Hi Aarne,
yes, we agree on 1.-3.,
> 1. data/fun distinction should be kept, since it makes a difference in how
> pattern matching in def definitions is interpreted
> 2. RGL should switch into data everywhere, since in this way one could define
> transfer by pattern matching on the RGL functions
> 3. data should be allowed to be split to different modules (as it is now for
> the judgement form 'data f : T')
and on 3. not only because of Extend, as I thought, but also because
of Lexicon, as you said. (But on 2. see the Remark below).
Besides that, I only now realised the following distinction of functions in the
abstract syntax:
a) transfer functions f : tree -> tree, which do not appear in parse trees:
fun f : A -> C with def f pat1 = t1 | ... f patn = tn
but *without* linearization in concrete grammars
b) computable f : tree -> tree that may appear in parse trees:
fun f : A -> C with def f pat1 = t1 | ... | f patn = tn
but *with* linearization (lin f) in concrete grammars
Those under a) (like active2passive, digits2numeral, aggregate), remind me of
Chomsky's transformational grammar, in so far as he claims that relations between
constructions are an important part of natural language grammars --similar to
equivalences between formulas in predicate logic; maybe Chomsky made a stronger
claim and wanted to use active2passive to save writing passive constructions.
Those under b) give us a (restricted?) way to linearize by case
distinction over the abstract syntax of type A in the sense of
lin (f a) = case a of { pat1 => lin t1 | ... |
patn => lin tn | x => (lin f)(lin x) }
*if* we use
pt -compute (f a) | linearize
rather than
linearize (f a) = (lin f)(lin a),
the default for linearizing (f a). Maybe your idea with UseComp can be treated this way.
What I had in mind was related to pronouns: these can *often* be treated as if
they were full noun phrases, but *not always*.

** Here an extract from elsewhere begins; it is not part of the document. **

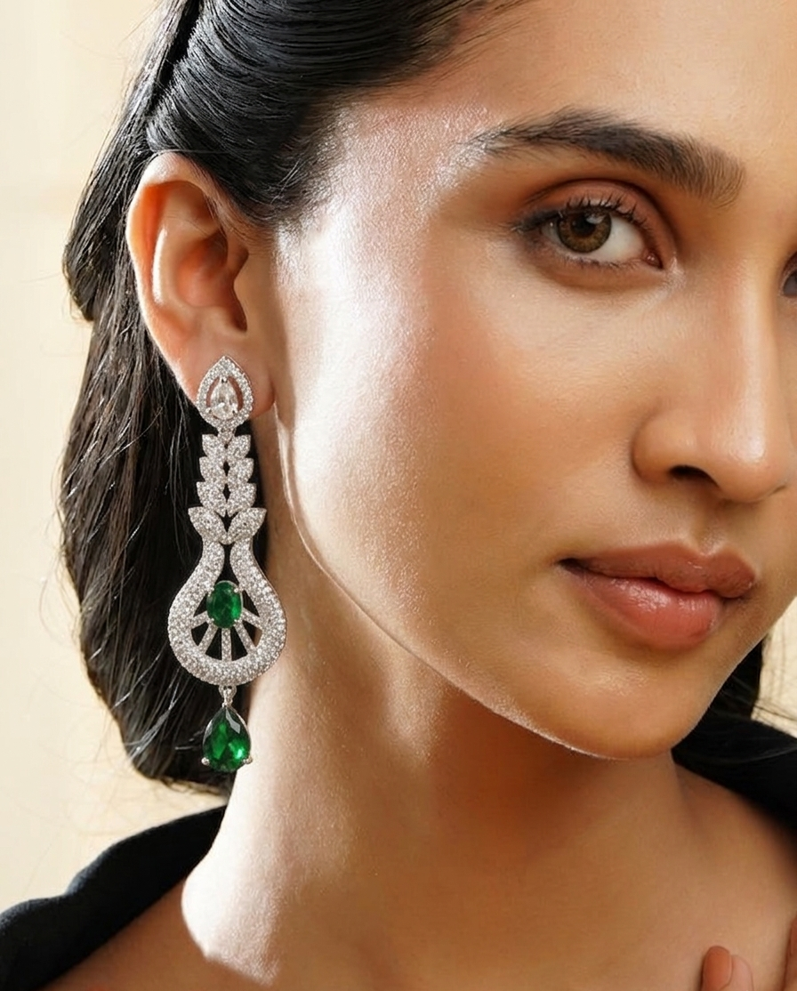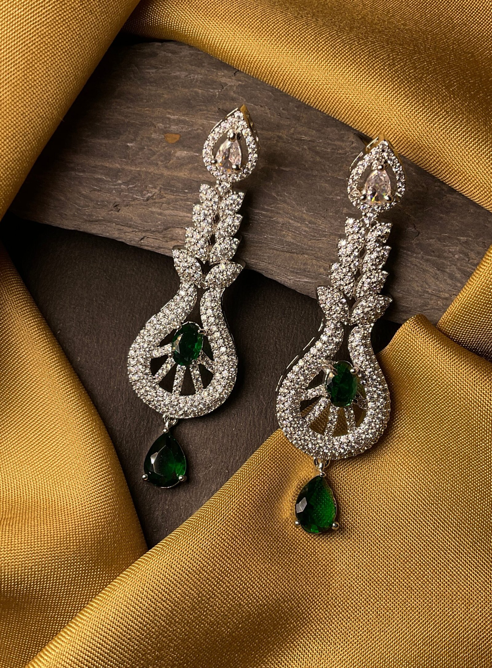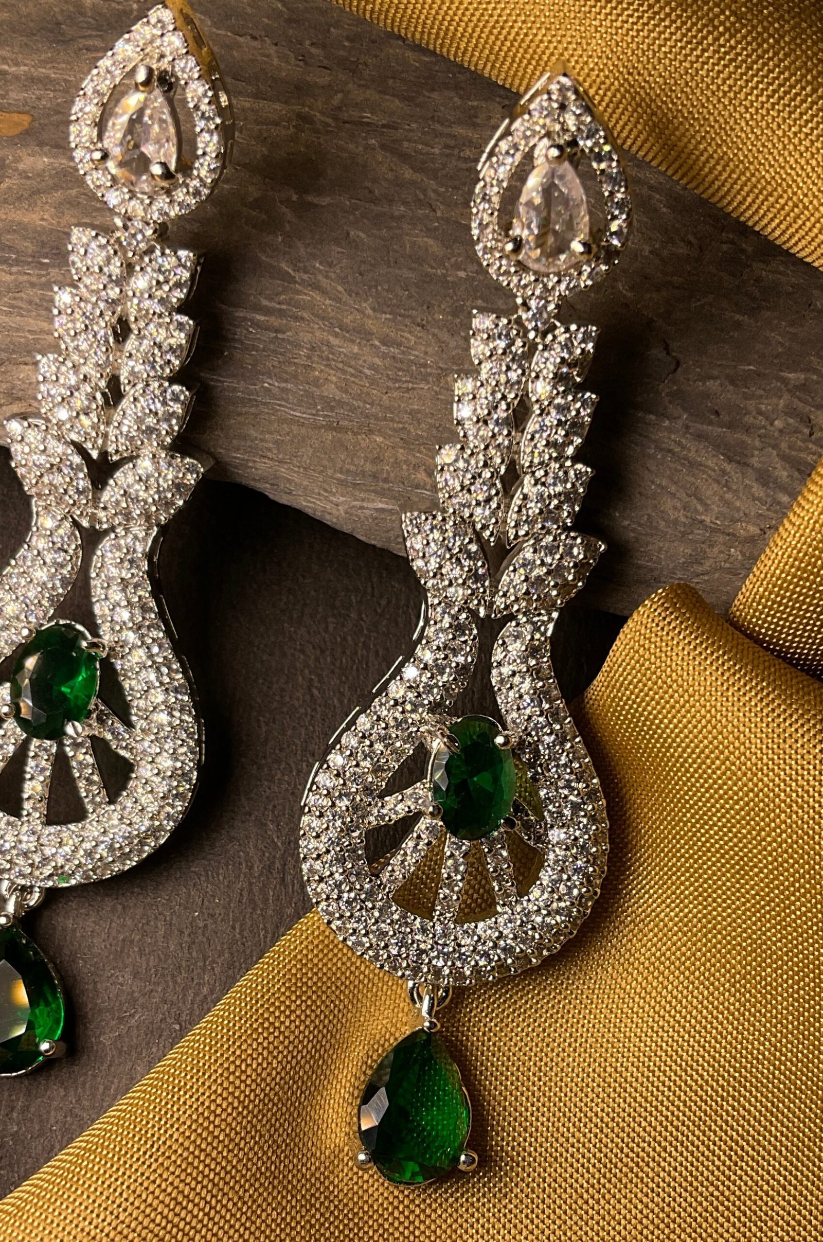 This American diamond earring has a long and elegant design that looks very graceful when worn. It is perfect for adding a rich and stylish touch to any outfit.

1. If we consider personal and possessive pronouns als forms of a single Pron,
then UsePron : Pron -> NP only works for the substantive usage of NPs. The
(det/adjectival) possessive usage of NPs is expressed by the Saxon genitive:
PossNP : NP -> CN -> NP -- Bill's car | a young girl's sweet dreams |
-- the greengrocers' apples |
-- the greengrocer's apostrophe ("trouser's reduced")
As there is no genitive of pronouns in Eng, the (def/adjectival) possessive
usage of Prons has to be expressed by special forms:
PossPron : Pron -> CN -> NP -- his car | her sweet dreams | their apples
So I had in mind that the (linearization of) UsePron : Pron -> NP could omit
the possessive forms of (lincat Pron), while the rare(?) possessive usage would
need to have access to them. So, the general rule should be
fun Poss : NP -> CN -> NP ;
def Poss (UsePron p) cn = PossPron p cn | Poss np cn = PossNP np cn ;
Note 1: this is a variation of "def F (G1 a1) = f1 a1 | F (G2 a2) = f2 a2" of
my previous message, with a final else-case: F a = f a. But in contrast to
what I said there, f1, f2 and f are not auxiliary constructors, but (probably)

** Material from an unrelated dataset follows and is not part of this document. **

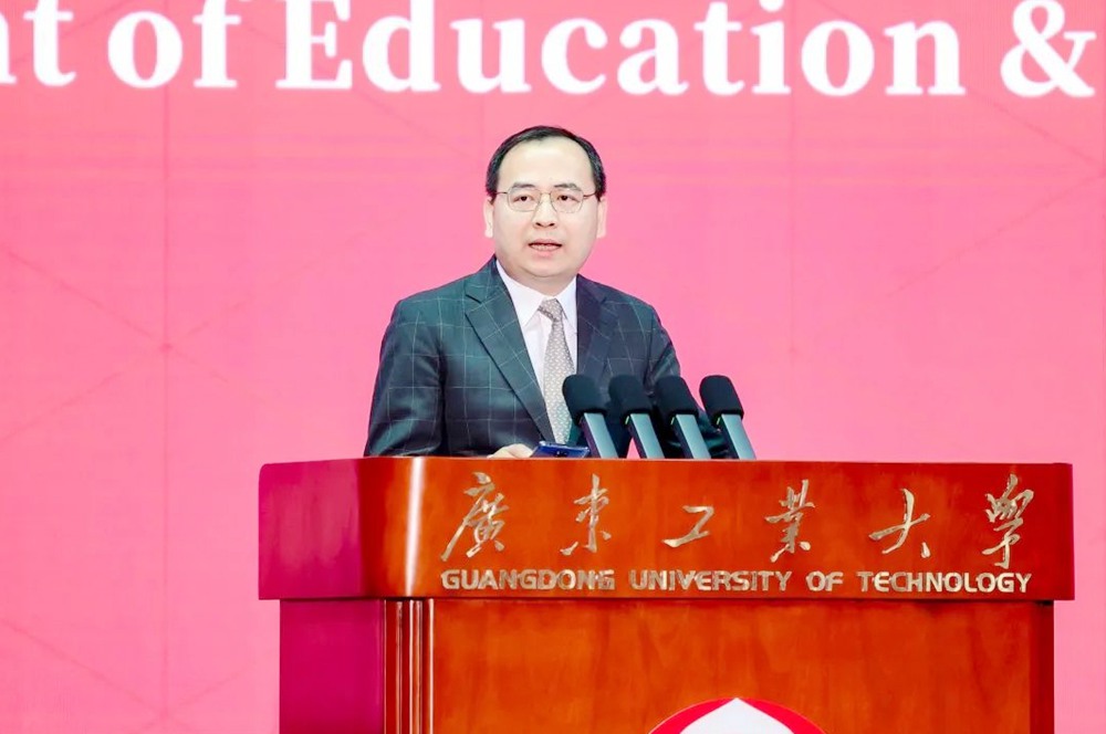 杨志峰院士代表全校教职工为大会致辞。“广工不仅是一所登高望远的学府,更是创新发展的磨砺之地,为广东高质量发展注入强劲动力。”他谈道,“能够加入这支朝气蓬勃的队伍我深感荣幸。”他表示,学校始终落实人才强校战略,用多元化的高水平师资队伍体系,引领教育卓越,学术卓越和文化能力。新征程、新担当,全校教职工将大力传承和弘扬教育家精神,以教师之强夯实教育之基,为建设世界一流的高水平大学而努力奋斗。

data construcors, while F is auxiliary. Done this way, F is just a transfer
function, a case of a) above, and will not appear in parse trees (bad).
Note 2: a slightly different implementation is made in PronNPGer below.
Identifing Poss with PossNP, we can give PossNP a linearization to handle the
default (using np.s!Gen) and give it a computation rule (without else-case for
the default) to handle exceptions:
fun PossNP : NP -> CN -> NP ;
def PossNP (UsePron p) cn = PossPron p cn ; -- exception
This makes PossNP an instance of b) above: it appears in parse trees of a
non-pronoun np (good) and incorrectly uses the genitive form of a personal
pronoun (bad), but it can no longer be a data constructor (bad).
Remark: If all constructions (fun F) in the RGL are turned into (data F), we
cannot add computation rules (def F pat) to add corrections for special cases.
This may be an argument against turning all fun to data. A way out would be to
improve an existing (data F) of the RGL by adding a new (fun F') with
(def F' pat) for exception-cases, and use F in the else-case of F'.
2. As in the RGL one can use a flag isPron:Bool in (lincat NP), to *modify* the
NP-linearization for a Pron, but one cannot *exclude* a Pron from being
used in a rule intended for non-pron NPs. [The correct basic distinction is
between Pron and NonPron, and NP is just a simplifying category for (Pron |
NonPron) that saves duplicating common rules, with a price paid by admitting
any np in non-common rules.] Using abstract functions of type b) above reduces
this price, I think.
We sometimes have to implement special cases, which do not necessarily
have to do with access to rarely used information in linearizations.
For example, even if Pron is just the personal pronoun, ditransitive
verbs want to do a "pronoun switch":
besides the acc < (to-)dat ordering
I gave (the book:acc) (to the girl:dat) [ComplAccDatV3]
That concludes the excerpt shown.